Dines colocou em questão a relação entre jornalistas e as fontes e a
proliferação de assessorias de imprensa. Ao longo de sua experiência de 25 anos
de jornalismo, a ombudsman observou que exercia cada vez menos controle sobre o
que publicava e gradativamente se afastava das fontes. ‘Uma grande parte da
informação que nos chega agora não é mais uma informação próxima. É uma
informação que pode ter partido do Banco Mundial, da Universidade de Wisconsin,
em muitos lugares, remotamente, e às quais quase não se tem acesso exceto por
estes canais controlados pela própria fonte informativa.
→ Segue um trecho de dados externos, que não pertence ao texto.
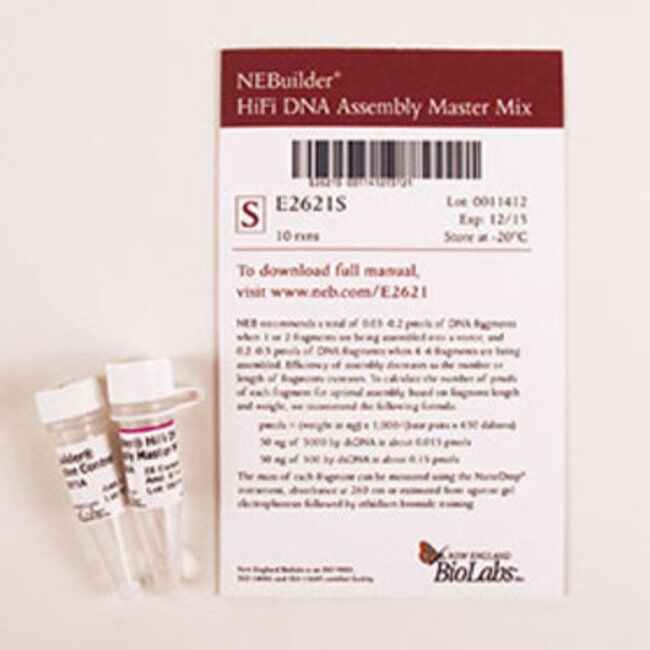 NEBuilder HiFi DNA Assembly Master Mix - 50 rxns. NEBuilder HiFi DNA Assembly Master Mix was developed to improve the efficiency and accuracy of DNA assembly. This method allows for seamless assembly of multiple DNA fragments, regardless of fragment length or end compatibility. This method has been used to assemble either single-stranded oligonucleotides or different sizes of DNA fragments with varied overlaps (15–80 bp). It has utility for the synthetic biology community, as well as those interested in one-step cloning of multiple fragments due to its ease of use, flexibility and simple master-mix format. The reaction includes different enzymes that work together in the same buffer. The exonuclease creates single-stranded 3´ overhangs that facilitate the annealing of fragments that share complementarity at one end (the overlap region). The polymerase fills in gaps within each annealed fragment. The DNA ligase seals nicks in the assembled DNA.
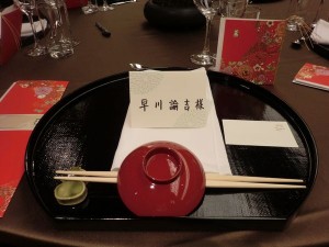 始まった~。数々のおいしい老舗料亭料理につられ、ビール、ワイン、冷酒、燗酒と次から次へと杯が進む。
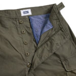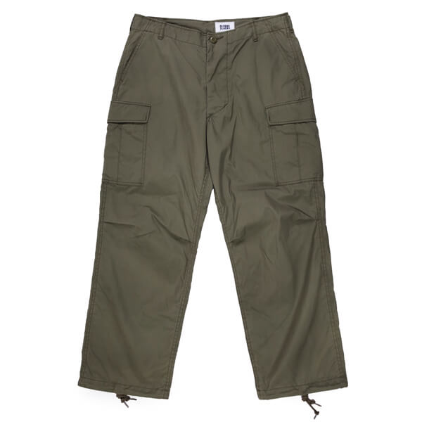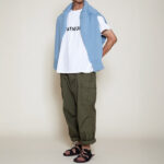 1960年代ベトナム戦争で使用された米軍ジャングルファティーグパンツ(2ndモデル)に着想を得た、ブランドのシグニチャーアイテムです。ジャングル戦を想定した軽量かつ機能的な設計を継承し、ゆったりとしたシルエットと豊富なポケットが特徴。無駄を省いた「必要最低限の機能美」を体現しています。
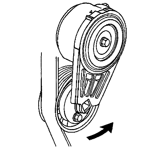 4. Install a 3/8 inch drive wrench on the drive belt tensioner arm and rotate the arm counterclockwise.
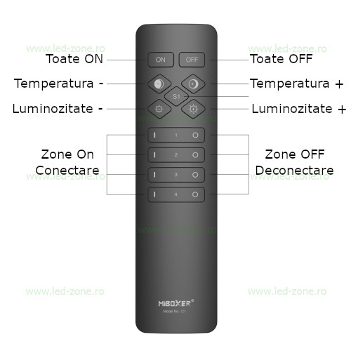 Design intuitiv și ușor de utilizat: Telecomanda este ușor de configurat și de utilizat, având un design ergonomic și butoane clare pentru ajustarea ușoară a iluminatului.
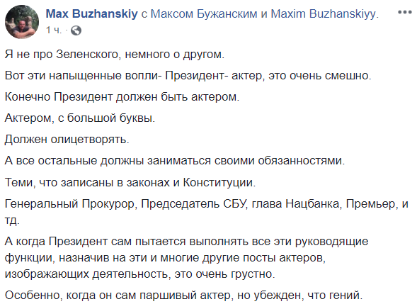 А тепер питання: Так чим такий підхід відрізняється від того, що потрібно зараз в Україні на шляху до успіху? Збирай кращих авторів законів, підбирай кращу команду виконавців – міністрів, пояснюй доступно свої дії людям, не кради і вперед. Українці самі країну на руках винесуть в лідери в Європі і можливо в світі. Адже винесли в 2014 у війні».«Ось ці пихаті крики – Президент-актор, це дуже смішно. Звичайно Президент повинен бути актором. Актором з великої літери. Має уособлювати. А всі інші повинні займатися своїми обов’язками. Тими, що записані в законах і Конституції. Генеральний Прокурор, Голова СБУ, глава Нацбанку, Прем’єр, і тощо.
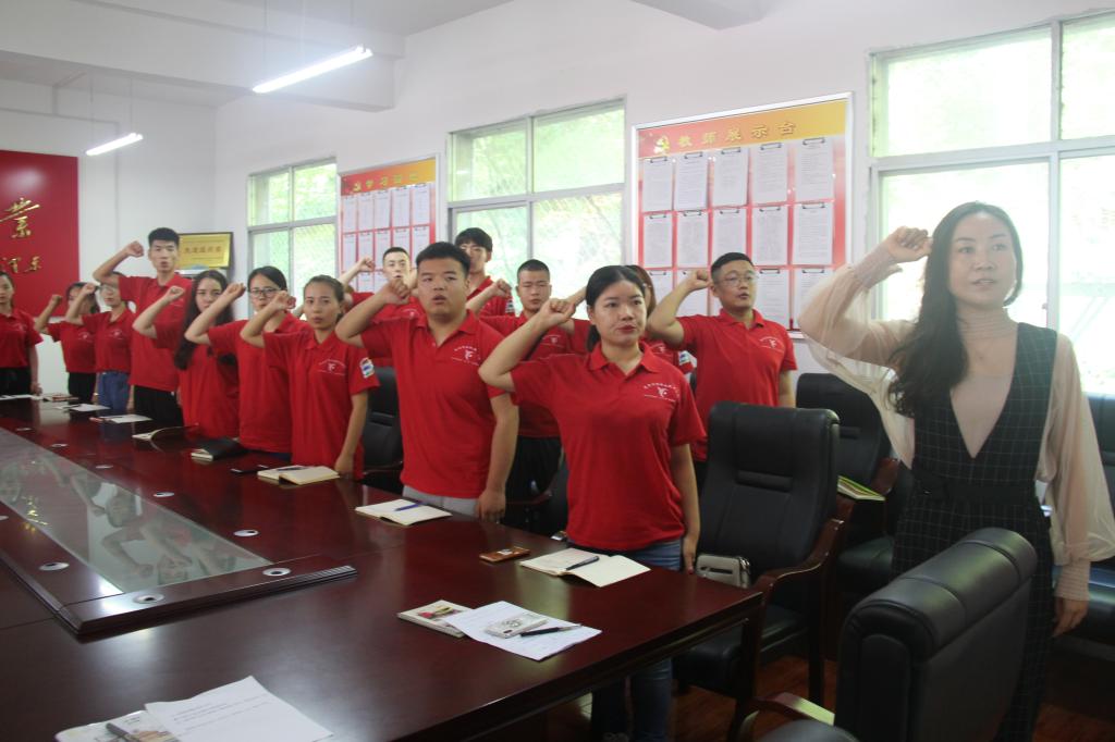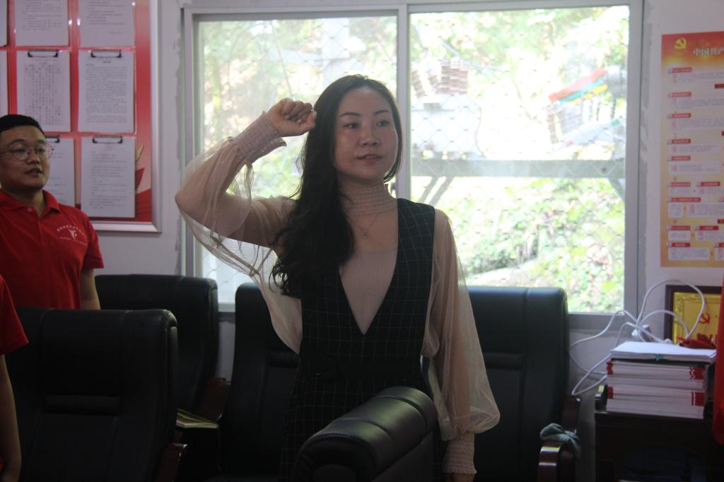 团委书记窦曼娟带领全体党员宣誓 |

Você quer falar com o
Banco Mundial sobre uma coisa e logo lhe encaminham ao setor de imprensa’,
relatou. Nesse cenário, a experiência dos jornalistas seniores é indispensável,
na avaliação de Milagros. É quem pode perceber os interesses ocultos por trás
das informações.


A redução da oferta de publicidade nos jornais, agravada pela crise
financeira internacional, afeta diretamente as redações. Dines questionou como
El País faz para cortar custos e, ao mesmo tempo, garantir a qualidade do
produto mantendo em seus quadros jornalistas experientes. Com a crise
financeira, outros problemas estruturais da imprensa foram agravados, na
avaliação de Milagros: ‘A crise de modelo industrial, de modelo de empresa
jornalística, e uma crise de credibilidade do jornalismo, que são anteriores à
crise econômica e que a crise econômica precipitou’, disse.


Informação cara


É preciso observar, na opinião de Milagros, que há milhões de leitores de
jornal, mas nem todos querem pagar pelo conteúdo oferecido. Quem está ‘ganhando
dinheiro em quantidades astronômicas’ com as informações produzidas pelos
grandes jornais são as ‘transportadoras’: as empresas que oferecem os serviços
de conexão, as telefônicas. ‘Os leitores têm que se perguntar se este modelo
pode chegar muito longe porque se alguém não está disposto a pagar pela boa
informação, terá informação, certamente – porque a internet garante que todo
mundo tenha toneladas de informação, muito mais informação do que possa digerir
–, mas essa é uma informação que vem com o interesse da fonte’, disse a
jornalista.


O leitor tem que estar consciente de que a informação gratuita tem distorções
e ‘pedágios’, ao contrário da informação independente produzida por jornalistas
e que ‘custa muito dinheiro’. Para Milagros, está claro que o futuro será a
internet, ainda que o jornal impresso continue por muito tempo ‘para os leitores
que, como eu, ainda amamos o papel’. Milagros contou que a grande pergunta feita
em todas as redações e por todos os diretores do jornal é: sobreviveremos tempo
suficiente na edição impressa, teremos leitores suficientes ainda em nossa
edição impressa para fazer essa transição?


Milagros chamou a atenção para o fato de que, nesta fase de transição e de
crise da mídia, é preciso identificar no novo jornalismo digital quais são os
riscos que podem afetar a qualidade da informação. Um deles, por exemplo, é o
tempo. Na edição digital, o tempo desaparece. ‘Não podemos renunciar a continuar
dando os furos, mas o grande risco é que, na tensão entre rapidez e segurança,
nos inclinemos excessivamente em favor de dar a notícia exclusiva, pela rapidez,
e perder em segurança’, alertou Milagros. A ombudsman do El País disse
que os jornais ‘sérios’ correm o risco de utilizar a internet de uma maneira
equivocada. Para ter maior audiência, podem perder credibilidade e se
transformarem em meios de entretenimento.


Rápido e curto


Outro ‘inimigo’ do jornalismo da atualidade identificado por Milagros é ‘uma
cultura geral que tende ao fast e ao short‘. Cada vez mais há a
crença de que qualquer estímulo visual ou auditivo profundo ou extenso é
‘chato’. Os leitores querem ‘as coisas mastigadas’ e em pequenas porções. ‘Se
nós caímos nesta tentação, se pensamos que, com isso, facilitamos que nossos
leitores venham até nós, na realidade o que estamos fomentando é um tipo de
cultura na qual o leitor nunca acaba tendo uma visão completa dos problemas. E
isso é muito grave, porque a sociedade na qual vivemos não é mais simples’,
disse a jornalista. Milagros ponderou que não é possível entender um mundo
complexo e que muda cada vez mais depressa apenas com pílulas de informação.